まぁ、レイズナーOVAだって3作品目しか見てないし…
とにかくすごい
視聴する前は、「そうは言ってもTV版と同じように、最終的にはイデが発動して終わりなのでは?」と思っていました。
スパロボのバッドエンドしかり、ニコニコ動画での切り抜きしかり。
でもそんなことはなかった。
主要メンバーが、ロゴダウから一緒に逃げてきた皆々が倒れていく、もはや洗練された狂気としか形容できない描写…
特に驚いたのはカララが結局は死んでしまうところで、それまでイデの力によって奇跡を何度も導き、またベスとの子、メシアもいるわけだから…
「裏切り者の女の撃つ弾が当たる物かよ!」 バキューン
あぁっ…
イデによって導かれる可能性の高かった子どもたちもがっつり倒れていくじゃないですか。
特にアーシュラ。
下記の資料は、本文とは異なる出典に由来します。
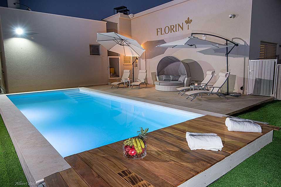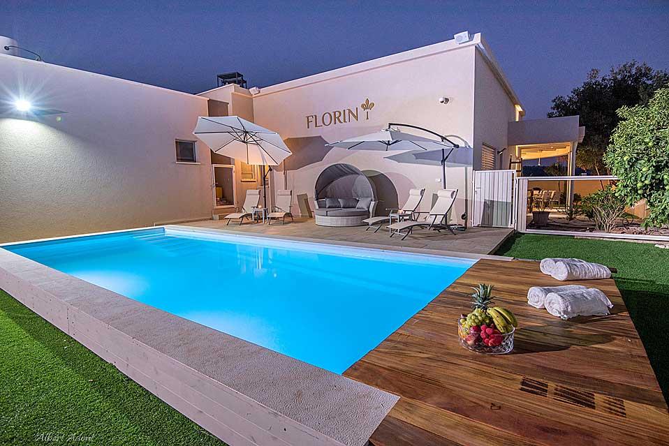 בין פסטורליה גלילית ירוקה במיוחד ניצבת וילה פלורין ומציעה חופשה משפחתית לעד 16 איש בסטייל קלאסי מפואר עם 5 חדרי שינה מעוצבים, סלון מרכזי, קונסלות משחקים מהנה, מסכי LCDבחיבור לכבלים, ג'קוזי ספא, בריכת שחיה שמחוממת בעונה, מתקן ברביקיו מאבן, שולחנות אוכל כפריים ושלל פינות ישיבה אינטימיות או קבוצתיות ברחבי המבנה והחצר הגדולה שופעת הטבע.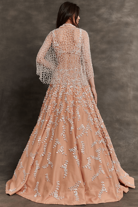 Featuring a peach pink lehenga in net base with leaf embroidery. It is paired with a blouse having a v-neckline and an embroidered cape. Accentuate with statement earrings, metallic heels, and a sleek updo for an elegant evening wedding or reception.

(ちびっこ3人組のお姉さん)頭吹き飛んでたし…
カーシャの死だって、本当にあっけない。
コスモとのヘルメットゴッツン、のシーンよかったのになぁ。
黒富野黒富野!と今までキャッキャしていた自分がちょっと恥ずかしかったり。
「これがホンモノやぞ」と目の前にたたきつけられたような全滅エンドでした。
本当はもっと一人一人のキャラクターの最期を描写してくれれば…と思いもしましたが、それをしないからこその「ホンモノ」なんでしょうね。
発動編は、姉妹であって全く別の道を歩むことになってしまったハルルとカララの物語でもあるのかな、と。
ハルルが吐露していましたが、父に「ハルルが女だったらなぁ」と思われ、自分は恋人を失ったのにも関わらず、妹は好きな男の子を身ごもる。
気強い娘、姉妹の姉を演じ続けねばならなかったハルルの悲しみがひしひしと伝わってきました。
だから最後、魂となってダラムと結ばれてよかったねお姉さま…
多大な影響をクリエイターに与えた作品
これも先人たちが何千回も語っていることでしょうけど、この映画のラストはのちの『エヴァンゲリオン』にめちゃくちゃ影響与えてますよね。
イデが叶えたかった思想というマクロなものから、突然の実写のカットが入るミクロなものまで。
観終わった後に二人で「これ人類補完計画の元ネタじゃん」と言い合ってしまいました。
富野監督は『ガンダム』を生み出したからすごい、ということになってますけど、『ガンダム』と『イデオン』を生み出したからすごいんだと言いたい!
そして、とにかくこの発動篇のすごさを語りたい、語りたいんだけど周りに見たことある人0人という悲しみ。
ネットに広がる論評等はこのブログを書き終わった後、じっくり読もう。
『伝説巨神イデオン』を完走して
『イデオン』を見て思ったのは、やはり作品には哲学がないといけなくて、また受け手の私たちも哲学のある作品を求めなければならない、ということだと思うんですよね。
社会人も長いと、ついついインスタントな作品(アニメに限らず)を求めがちなんですが、
監督が伝えたかったことはなんなんだろう、私たちは何を汲み取るべきなんだろう
と考えることを「オタク」としては避けて通ってはいけないかなと思っています。